It's safe to use, even if government uses words like pesticide, etc. Not approved for use. Probably a bad thing if big government catches someone doing it.

Please see https://www.beesource.com/forums/showthread.php?356975-OA-vaporization-is-probably-safe-with-honey-supers-here-s-my-calculations

Bottom line: OA vape treatment makes a pound of honey less "dangerous" than a serving of tofu.

Just to reiterate: OA vaporization is technically classified as a pesticide by the government. Which is a law, but it's not accurate. I won't go into the rhetoric of debating classifications and government organizations etc.


----------



## squarepeg (Jul 9, 2010)

*Re: Fall Extraction Blues*

grozzie is 100% correct on this.


----------



## JWPalmer (May 1, 2017)

*Re: Fall Extraction Blues*

I am with grozzie on this too. That said, I have about a gallon and a half of honey that I harvested after treating with OAV. It is for personal consumption only and will not be sold or given away. At some point I imagine that the instuctions for use will change to reflect what most of us believe to be true, but until then, we all need to follow law. Sounds pretty simple to me.


----------



## grozzie2 (Jun 3, 2011)

*Re: Fall Extraction Blues*



username00101 said:


> It's safe to use, even if government uses words like pesticide, etc. Not approved for use.
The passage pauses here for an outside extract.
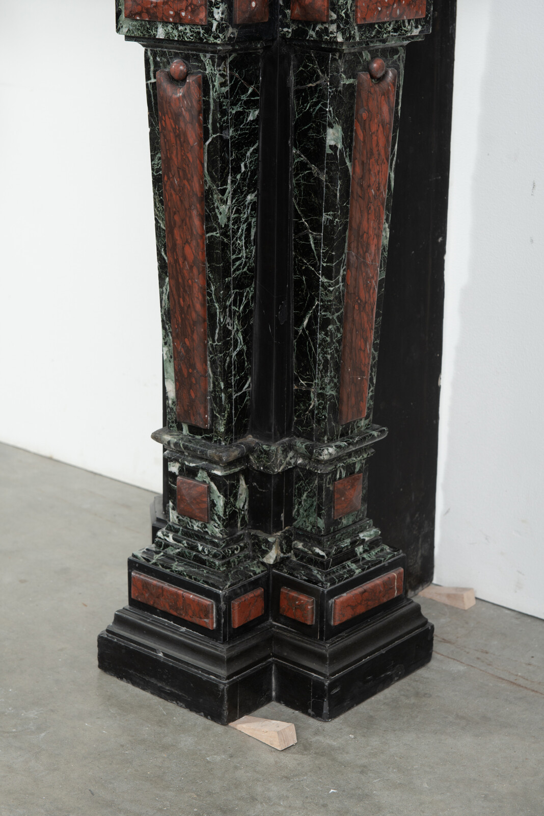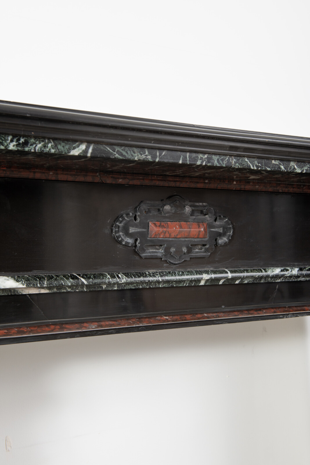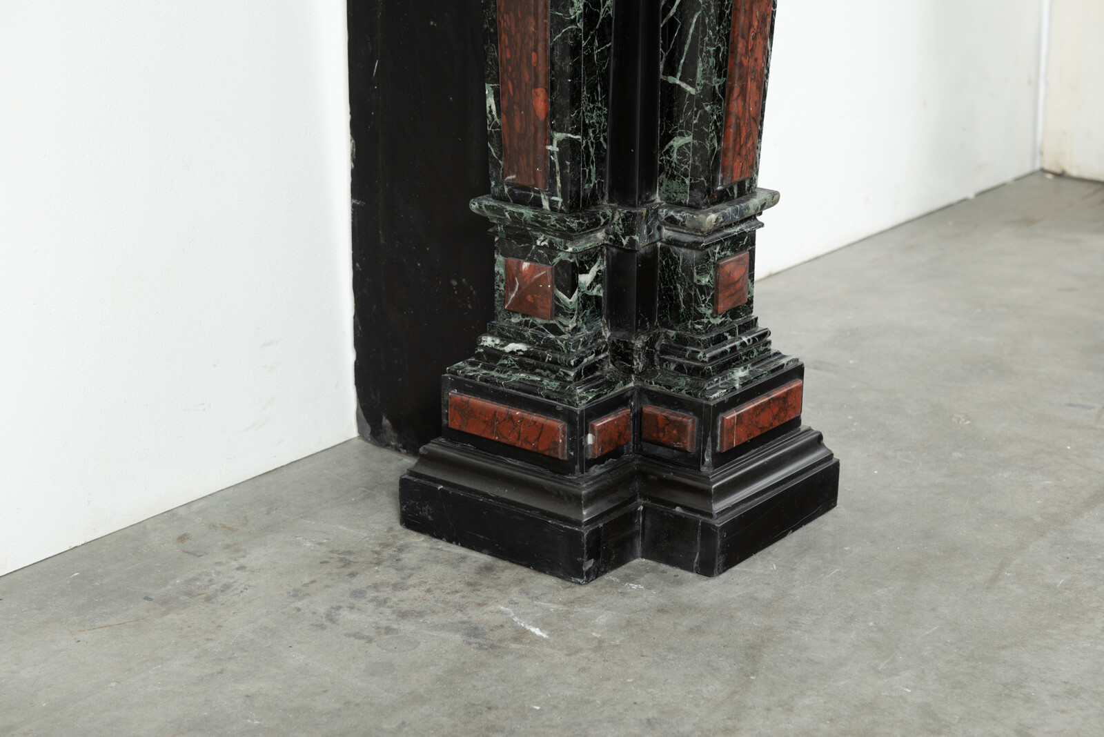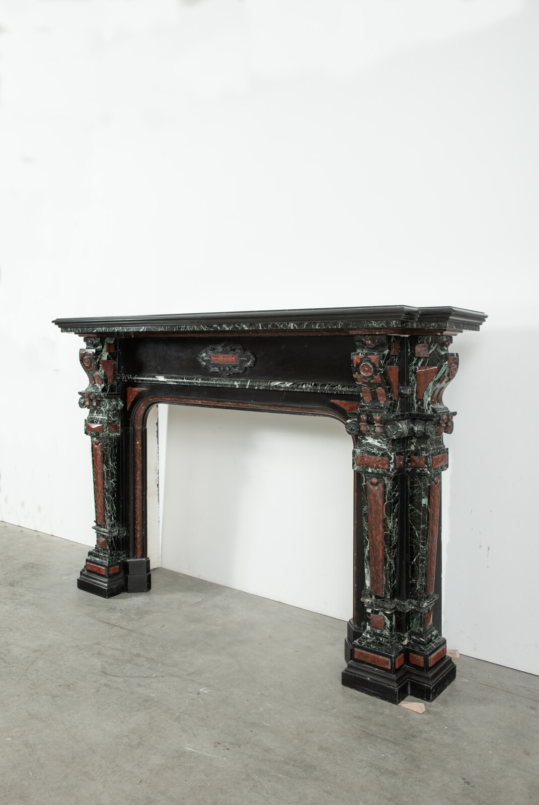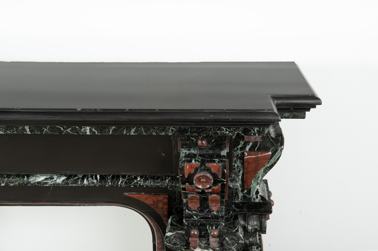Deze imposante schouw is een echt statementpiece in een interieur. Zowel in ornamentiek als in materiaalkeuze is deze schouw uitbundig. Het groen Verde Alpi marmer heeft een drukke, boeiende tekening om te zien. Rood marmer is gebruikt voor de accenten van de ornamentiek, die in neorenaissance-stijl zijn ontworpen. De stijlen hebben de vorm van Ionische pilasters. Deze zwart marmeren schouw met gekleurde opleg vormt een visueel krachtig element voor een bijzonder interieur.

Probably a bad thing if big government catches someone doing it.


Everyone has to do their own risk analysis for how they proceed in various parts of life. If one is not selling a product, then there is little / no potential liability exposure. If one has no assets to protect, then liability is just an abstract concept. We sell our honey, and we do have a substantial asset base against which a liability judgement could apply. Not worth it to put my entire farm at risk over something as small as proper mite treatments. Your mileage may vary.


----------



## DanielD (Jul 21, 2012)

*Re: Fall Extraction Blues*

I started the small room and dehumidifier this year and I also would say yes to that. I have a small back porch, 7 x 8, and put the supers I take off out there on a small tarp and run the dehumidifier. Capped or no I take what I need to take and when. It makes life much easier and dried down easy in two days. The room gets below 50% and about 95 degrees. Warm honey extracts better too.


----------



## crofter (May 5, 2011)

*Re: Fall Extraction Blues*

Promoting treating with supers on: 

Doing something to yourself is one thing; trying to drum up support to have others do it crosses into different territory. The possible effects on the public perception of honey's _natural purity_ would be impossible to estimate. The potential costs to that image may fall on others, so the right to free speech is not unlimited.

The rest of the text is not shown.